===== DATA UNDER STUDY =====

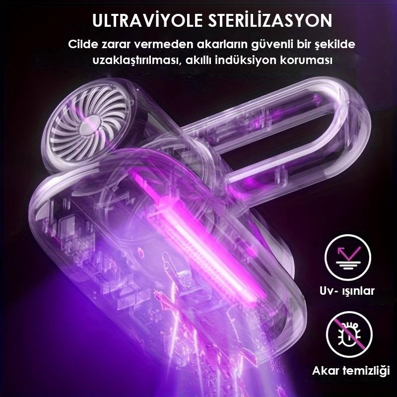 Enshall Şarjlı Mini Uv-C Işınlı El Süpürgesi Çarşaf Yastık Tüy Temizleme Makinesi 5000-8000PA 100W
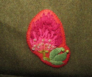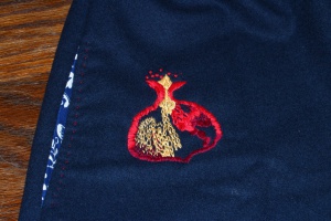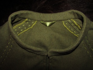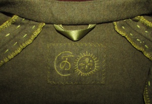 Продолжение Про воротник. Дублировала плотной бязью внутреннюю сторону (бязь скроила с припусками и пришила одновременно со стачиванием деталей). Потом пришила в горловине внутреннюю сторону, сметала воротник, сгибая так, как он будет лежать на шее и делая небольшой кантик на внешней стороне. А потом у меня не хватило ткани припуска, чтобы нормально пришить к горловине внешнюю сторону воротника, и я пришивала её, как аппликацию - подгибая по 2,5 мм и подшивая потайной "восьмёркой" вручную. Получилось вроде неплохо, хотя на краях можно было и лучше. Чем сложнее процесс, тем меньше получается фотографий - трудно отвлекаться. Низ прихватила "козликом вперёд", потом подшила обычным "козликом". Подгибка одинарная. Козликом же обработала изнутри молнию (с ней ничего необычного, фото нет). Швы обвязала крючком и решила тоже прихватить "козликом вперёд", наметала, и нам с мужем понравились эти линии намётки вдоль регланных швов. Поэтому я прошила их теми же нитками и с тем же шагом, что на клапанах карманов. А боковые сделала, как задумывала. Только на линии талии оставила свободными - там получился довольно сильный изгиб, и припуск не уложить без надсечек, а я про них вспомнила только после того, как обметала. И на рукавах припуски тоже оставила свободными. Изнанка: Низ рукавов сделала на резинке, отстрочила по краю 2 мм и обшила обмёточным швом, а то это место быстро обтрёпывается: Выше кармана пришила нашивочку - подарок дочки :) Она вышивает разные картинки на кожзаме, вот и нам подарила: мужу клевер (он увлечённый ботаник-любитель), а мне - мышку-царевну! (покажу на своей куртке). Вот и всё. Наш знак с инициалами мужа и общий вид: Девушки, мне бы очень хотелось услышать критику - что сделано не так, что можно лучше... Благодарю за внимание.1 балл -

=====
===== DATA UNDER STUDY =====

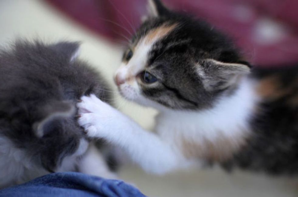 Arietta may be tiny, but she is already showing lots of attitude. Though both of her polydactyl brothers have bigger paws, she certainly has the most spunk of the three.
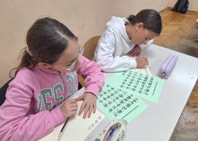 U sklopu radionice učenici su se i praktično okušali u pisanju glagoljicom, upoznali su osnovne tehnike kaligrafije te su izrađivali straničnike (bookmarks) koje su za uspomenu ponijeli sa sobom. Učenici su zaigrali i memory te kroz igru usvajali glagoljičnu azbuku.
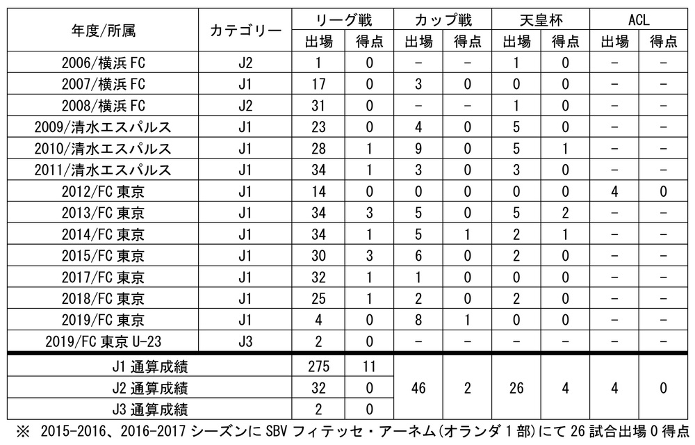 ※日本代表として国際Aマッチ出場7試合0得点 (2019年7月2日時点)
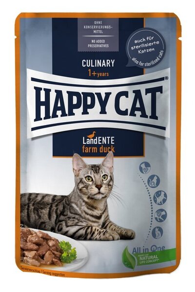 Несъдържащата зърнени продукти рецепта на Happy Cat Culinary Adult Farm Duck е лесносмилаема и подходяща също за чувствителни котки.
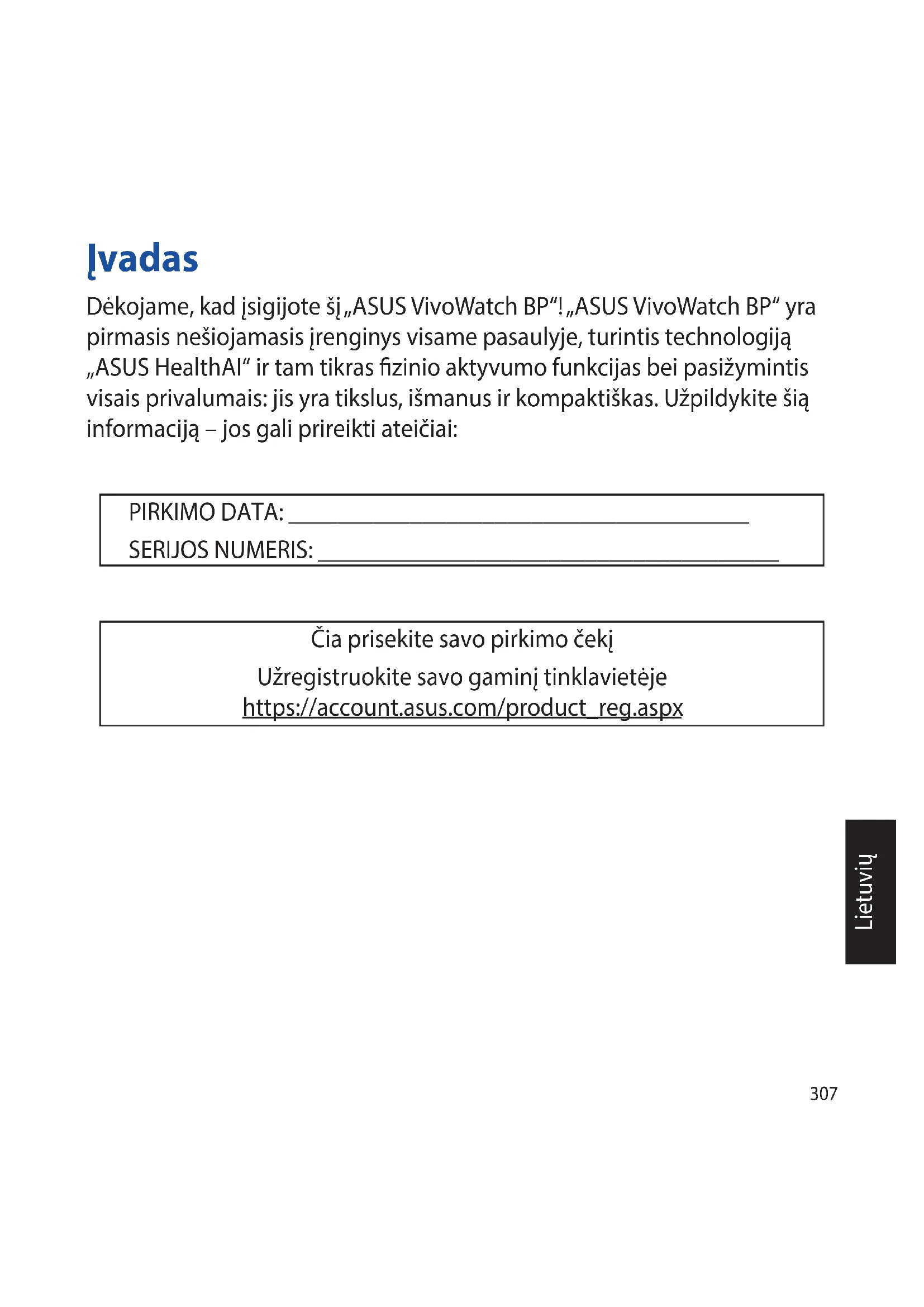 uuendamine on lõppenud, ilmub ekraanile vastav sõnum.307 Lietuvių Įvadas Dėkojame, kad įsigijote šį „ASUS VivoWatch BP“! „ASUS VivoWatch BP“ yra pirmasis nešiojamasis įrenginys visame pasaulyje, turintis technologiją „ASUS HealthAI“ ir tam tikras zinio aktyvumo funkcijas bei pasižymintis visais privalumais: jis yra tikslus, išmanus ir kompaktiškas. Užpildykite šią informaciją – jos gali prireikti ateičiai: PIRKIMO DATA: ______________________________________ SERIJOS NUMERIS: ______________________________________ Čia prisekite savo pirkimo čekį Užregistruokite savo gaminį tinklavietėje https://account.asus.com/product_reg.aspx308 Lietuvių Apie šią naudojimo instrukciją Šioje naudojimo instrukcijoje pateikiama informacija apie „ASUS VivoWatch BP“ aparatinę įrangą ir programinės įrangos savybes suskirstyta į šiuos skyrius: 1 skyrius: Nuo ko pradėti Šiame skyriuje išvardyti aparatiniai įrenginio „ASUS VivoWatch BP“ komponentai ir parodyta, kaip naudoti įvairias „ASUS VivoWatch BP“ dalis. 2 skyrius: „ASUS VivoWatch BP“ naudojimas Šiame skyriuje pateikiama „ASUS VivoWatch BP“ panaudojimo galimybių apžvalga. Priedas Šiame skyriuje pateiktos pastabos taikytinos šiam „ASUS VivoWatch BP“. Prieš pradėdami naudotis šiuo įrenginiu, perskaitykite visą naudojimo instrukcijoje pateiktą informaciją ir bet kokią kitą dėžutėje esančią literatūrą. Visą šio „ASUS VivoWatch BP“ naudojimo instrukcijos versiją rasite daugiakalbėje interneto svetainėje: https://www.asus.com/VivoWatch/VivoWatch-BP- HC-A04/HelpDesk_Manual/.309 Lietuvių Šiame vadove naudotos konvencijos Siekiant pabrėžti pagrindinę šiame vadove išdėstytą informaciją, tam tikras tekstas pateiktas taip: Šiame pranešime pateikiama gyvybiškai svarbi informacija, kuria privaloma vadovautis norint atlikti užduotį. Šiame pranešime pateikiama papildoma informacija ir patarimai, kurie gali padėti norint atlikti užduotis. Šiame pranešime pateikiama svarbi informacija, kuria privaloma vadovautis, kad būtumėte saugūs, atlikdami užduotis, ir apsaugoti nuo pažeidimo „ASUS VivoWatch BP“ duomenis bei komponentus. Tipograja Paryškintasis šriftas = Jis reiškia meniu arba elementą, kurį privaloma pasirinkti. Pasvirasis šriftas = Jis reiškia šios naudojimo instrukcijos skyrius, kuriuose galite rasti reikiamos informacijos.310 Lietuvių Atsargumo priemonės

=====

TASK: Print from the line containing "Arietta may be" through the line containing "Несъдържащата зърнени продукти" in the data above, exactly as the lines stand, and omit every picture.

ANSWER:
 Arietta may be tiny, but she is already showing lots of attitude. Though both of her polydactyl brothers have bigger paws, she certainly has the most spunk of the three.
 U sklopu radionice učenici su se i praktično okušali u pisanju glagoljicom, upoznali su osnovne tehnike kaligrafije te su izrađivali straničnike (bookmarks) koje su za uspomenu ponijeli sa sobom. Učenici su zaigrali i memory te kroz igru usvajali glagoljičnu azbuku.
 ※日本代表として国際Aマッチ出場7試合0得点 (2019年7月2日時点)
 Несъдържащата зърнени продукти рецепта на Happy Cat Culinary Adult Farm Duck е лесносмилаема и подходяща също за чувствителни котки.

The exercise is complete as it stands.